Así fue como la Scapigliatura hizo surgir por primera vez en Italia el conflicto entre artista y sociedad típico del Romanticismo extranjero y puso su mirada en la bohèmereferida a la vida caótica i anticonformista de los artistas parisinos descrita en la novela de Henri Murger Scènes de la vie de bohème (1847-19849). El movimiento tuvo también una clara evocación a los modelos del Romanticismo alemán de Hoffman, Jean Paul Friedrich Richter y Henrich Heine, aunque su mirada estuvo puesta especialmente en Charles Baudelaire o en Edgar Allan Poe. De todas formas, no sería posible presentar a los scapigliati como sus equivalentes italianos pues, su mundo poético y literario era incoherente y desordenado.

Por esta razón, la Scapigliatura tiene gran parte del interés en su ideales y su estética, más que en el hecho de ser un movimiento literario, ya que su literatura peca de una fisionomia bien definida. Significó sobretodo un revivir de un estancamiento, una insatisfacción en frente de la academia Romántica, una rebelión en contra de todo conformismo, dispuesta a celebrar, también en el arte, una libertad, una vitalidad más intensa, una sensibilidad más ansiosa, ávida de forzar los límites de la sociedad, de las costumbres, de la vida estancada y burguesa, los mismos límites de un sistema que volvía a construirse, con la inercia de una tradición, y que amenazaban con un un clasicismo de retorno.

Scapigliati milaneses

El mismo Cletto Arrighi describe en un pasaje el estado de enorme excitación psíquica que los scapigliati definían como enfermedad y desorden moral y que exaltaban como condición para un arte vivo y auténtico:

“d’aspetto smunto, solcato, cadaverico, su cui si adombra il segreto di un dolore infinito, i sogni, i tentativi di una felicità inarrivabile, le lacrime di sangue, la tremenda sfiducia e la finale disperazione”

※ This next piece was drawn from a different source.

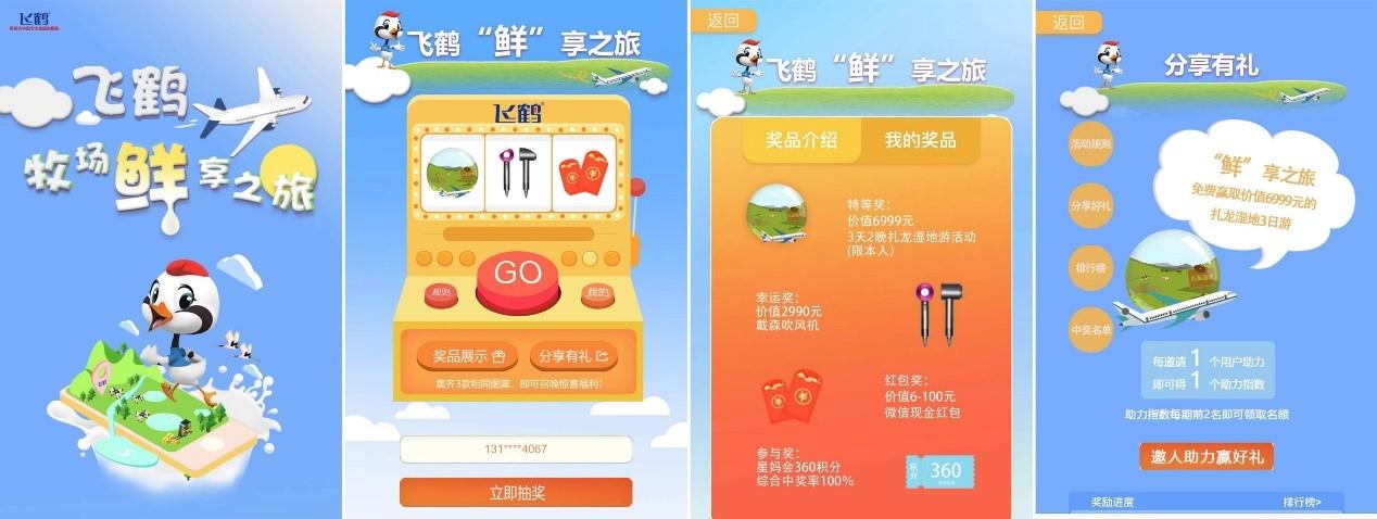 新鴻儒成立專屬項(xiàng)目小組,前端采用H5交互形式、后臺(tái)與內(nèi)部營(yíng)銷系統(tǒng)對(duì)接,實(shí)現(xiàn)線下購(gòu)買、線上互動(dòng)抽獎(jiǎng)的活動(dòng)形式,并且加入多種助力有獎(jiǎng)場(chǎng)景,促進(jìn)活動(dòng)傳播,本次活動(dòng),實(shí)現(xiàn)了線上、線下的營(yíng)銷閉環(huán),為飛鶴品牌影響力的提升和產(chǎn)品銷售的增長(zhǎng)提供了強(qiáng)大支撐。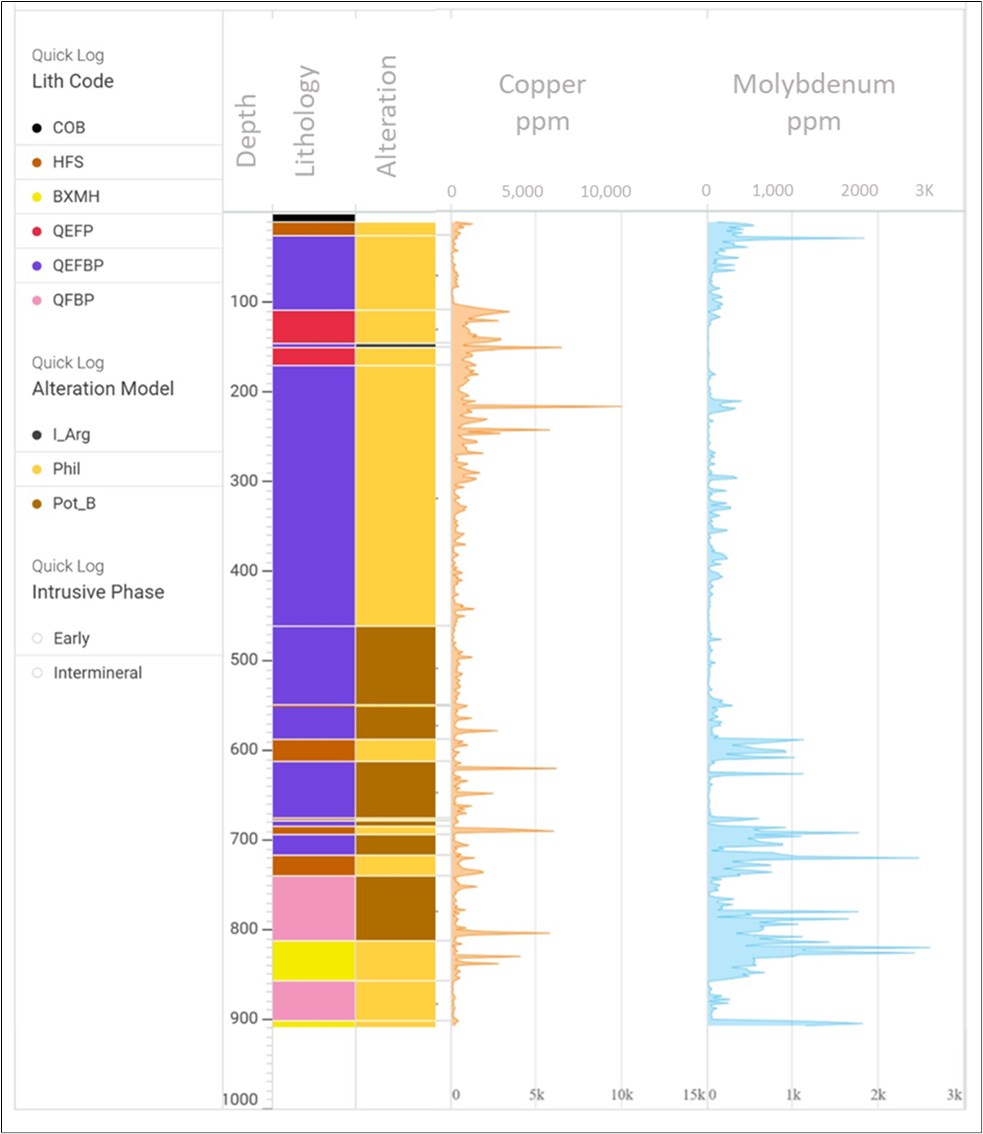 - 755.45 - 909.65m: Mineralized intermineral and early porphyry with hydrothermal breccia zone.

La esencia de esta rebelión respondía a una confrontación a las generaciones que les habían precedido, una herencia aceptada pero sufrida con una conciencia de inferioridad que dio un motivo de inquietud interna, parecida al rencor de un hijo a un padre. Por esta razón fue una protesta ambigua que no consiguió definirse, porque miraba al pasado con resentimiento más que al futuro.

Es debido a la importancia de este clima de transición que se le puede dar al movimiento un valor más histórico que artístico ya que, en general, no fue tanto la cualidad de la obra literaria o artística que dejó lo que tiene más trascendencia, sino las motivaciones internas causadas por un entorno en concreto que llevaron a que esta corriente surgiera.

Este aborrecimiento a lo precedido y a lo establecido engendró un afán de autodestrucción excepcional. De aquí el gran número de muertes por alcoholismo y suicidios en la escena de la literatura italiana entre los 60 y 80 del siglo XIX, por esta idea del arte amado y sufrido concebido tan trágicamente. Es precisamente este ansia, esta voluntad heroica y satánica de hacer del arte y la vida una sola cosa, de afirmar un individualismo exasperado, de realizar a toda costa la necesidad de ser y sentirse diferente que asocia a los scapigliati al sueño romántico y al decadentismo.

Arrighi, Rovani, Praga, Tarchetti, Boito, Camerana, Dossi, Zendrini, Farina o Ghislazoni son los nombres que nos dejó la Scapigliatura, nombres que más que estar en un plano de la narrativa, se encuentran en el plano de la poesía; una poesía hecha de verdad, de patético dolor humano y de angustia secreta y discreta. Nos dejaron también el testimonio de una inquietud humana, de una persecución de ideales que deviene imposible, una intolerancia a la realidad y la dolorosa sensibilidad de su presencia hostil.